**WORK REQUEST:** Exact copy, no pictures: return only the lines below from the line with "Qiwi, терминал по" up to and including the line with "Paquet vert décontracté".

**PROVIDED DATA:**
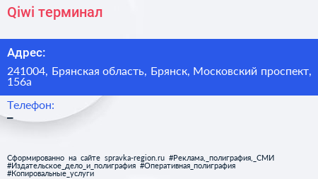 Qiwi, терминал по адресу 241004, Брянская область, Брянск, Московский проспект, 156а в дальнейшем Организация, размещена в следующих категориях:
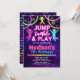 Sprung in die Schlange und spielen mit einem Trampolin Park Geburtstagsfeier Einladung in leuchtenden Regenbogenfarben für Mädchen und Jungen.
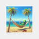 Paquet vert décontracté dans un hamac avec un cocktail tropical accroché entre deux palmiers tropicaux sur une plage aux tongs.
* * *
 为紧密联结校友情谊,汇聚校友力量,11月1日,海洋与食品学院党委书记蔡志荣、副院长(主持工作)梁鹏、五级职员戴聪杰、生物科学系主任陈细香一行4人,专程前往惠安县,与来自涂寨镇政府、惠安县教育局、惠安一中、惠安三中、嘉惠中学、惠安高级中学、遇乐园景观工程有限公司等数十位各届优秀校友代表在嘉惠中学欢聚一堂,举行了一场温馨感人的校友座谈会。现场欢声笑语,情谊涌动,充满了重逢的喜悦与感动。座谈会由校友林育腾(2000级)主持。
--
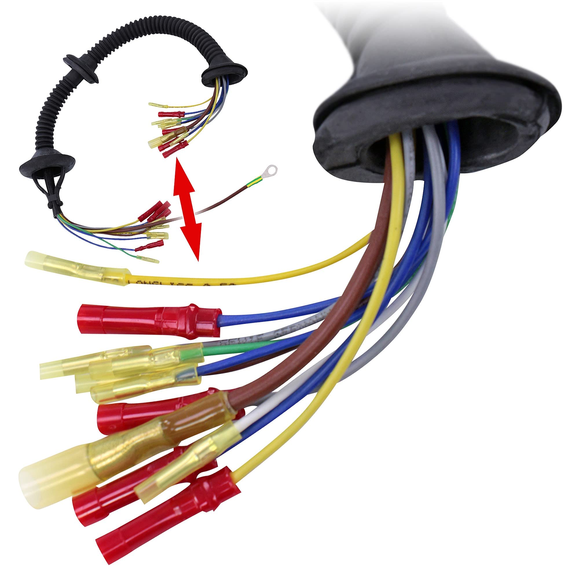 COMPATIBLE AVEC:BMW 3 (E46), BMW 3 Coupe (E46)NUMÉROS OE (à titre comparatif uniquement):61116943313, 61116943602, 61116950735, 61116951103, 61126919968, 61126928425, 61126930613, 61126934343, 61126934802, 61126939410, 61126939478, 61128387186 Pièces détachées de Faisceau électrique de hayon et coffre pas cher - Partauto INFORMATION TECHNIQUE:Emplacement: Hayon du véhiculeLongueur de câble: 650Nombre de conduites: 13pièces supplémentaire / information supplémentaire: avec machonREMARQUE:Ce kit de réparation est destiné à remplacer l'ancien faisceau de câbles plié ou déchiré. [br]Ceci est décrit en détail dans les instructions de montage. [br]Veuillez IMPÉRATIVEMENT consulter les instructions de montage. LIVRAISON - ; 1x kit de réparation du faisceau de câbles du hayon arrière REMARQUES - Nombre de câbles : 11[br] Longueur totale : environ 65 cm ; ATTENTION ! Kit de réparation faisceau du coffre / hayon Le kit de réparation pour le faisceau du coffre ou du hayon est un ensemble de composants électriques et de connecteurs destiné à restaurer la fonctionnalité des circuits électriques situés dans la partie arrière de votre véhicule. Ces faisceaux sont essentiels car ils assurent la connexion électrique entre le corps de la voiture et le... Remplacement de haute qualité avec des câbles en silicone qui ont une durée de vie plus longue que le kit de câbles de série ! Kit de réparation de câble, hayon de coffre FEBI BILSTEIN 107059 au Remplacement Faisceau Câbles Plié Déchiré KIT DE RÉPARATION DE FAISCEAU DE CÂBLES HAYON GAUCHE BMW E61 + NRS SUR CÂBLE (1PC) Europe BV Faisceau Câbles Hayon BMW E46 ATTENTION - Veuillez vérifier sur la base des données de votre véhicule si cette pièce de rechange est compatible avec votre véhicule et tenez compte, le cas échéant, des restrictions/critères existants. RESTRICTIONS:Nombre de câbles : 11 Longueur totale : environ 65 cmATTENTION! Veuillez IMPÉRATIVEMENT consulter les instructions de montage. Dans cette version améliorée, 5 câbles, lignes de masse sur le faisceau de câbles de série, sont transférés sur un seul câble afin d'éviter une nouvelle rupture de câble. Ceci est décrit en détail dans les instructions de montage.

**COMPLETED EXERCISE:**
 Qiwi, терминал по адресу 241004, Брянская область, Брянск, Московский проспект, 156а в дальнейшем Организация, размещена в следующих категориях:
 Sprung in die Schlange und spielen mit einem Trampolin Park Geburtstagsfeier Einladung in leuchtenden Regenbogenfarben für Mädchen und Jungen.
 Paquet vert décontracté dans un hamac avec un cocktail tropical accroché entre deux palmiers tropicaux sur une plage aux tongs.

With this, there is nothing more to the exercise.